There are areas of agreement: Both the U.S. census and the Met Council say the population fell in some close-in suburbs like St. Anthony, Mounds View, Falcon Heights, Lauderdale and Crystal.
And both say populations grew in the farther-out cities of Lake Elmo, Dayton, Newport, Carver, Corcoran, Lakeville, Victoria, Mayer, Rosemount, Watertown, Minnetrista and Cottage Grove.
The story was very different for cities like Maple Plain, where the Met Council saw a 17% increase in population compared with the Census Bureau's 2% decrease. Those differences resulted in a vastly different total for Hennepin and Ramsey county populations. The Met Council thinks the 2021 population in Hennepin County is about 22,000 people larger (and Minneapolis about 9,000 larger) than what the census estimates.
For Ramsey County, the Met Council has the population about 9,900 people larger than the census estimates. The Met Council says St. Paul has about 4,800 more people than the census figures.

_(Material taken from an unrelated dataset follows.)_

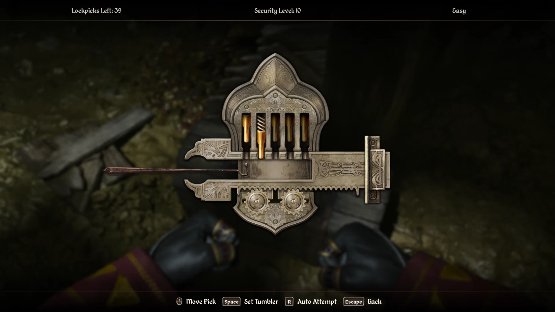 В TES IV: Oblivion Remastered нужно использовать отмычки, чтобы взламывать замки. Они бывают разной сложности, но система вскрытия схожа — при помощи клавиши W вы толкаете подвижные элементы вверх и пытаетесь нажать ЛКМ или Пробел в момент, когда элемент находится в самом верху.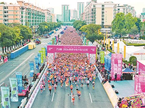 1月3日7时,万和·2026顺德容桂环岛马拉松在佛山市顺德区容桂街道海骏达城鸣枪起跑。来自全国各地的1.8万名跑者,共同用脚步绘就了一幅“体育+”融合发展的生动画卷。

For Falcon Heights Mayor Randy Gustafson, who lives in one of the few metro cities that shrank according to the estimates from the Met Council and the census, there's an easy explanation. The city encompasses much of the St. Paul campus of the University of Minnesota, and when the school shifted to distance learning during the pandemic, students who otherwise would have moved into nearby housing stayed away. "That could give you a 200-person fluctuation pretty easily," said Gustafson.
There's agreement among the agencies that Lake Elmo is seeing tremendous growth, and that's no surprise to City Administrator Kristina Handt. A connection to the Met Council sewer system in 2016 opened the door to more development, and the city went from issuing 32 building permits in 2013 to 240 by 2016. That number has hovered between 250 and 300 every year since, she said.
"Our farm fields are being turned into housing units," said Handt. The city's location just 15 minutes from downtown St. Paul with its bucolic charm and lakes have drawn so many new residents that the city has had to put a partial moratorium on construction until it can resolve an ongoing problem with its water supply.
"Some residents feel that we're growing too fast," said Handt. "From a city perspective, outside of our water issues, we feel we've been able to keep up pretty well."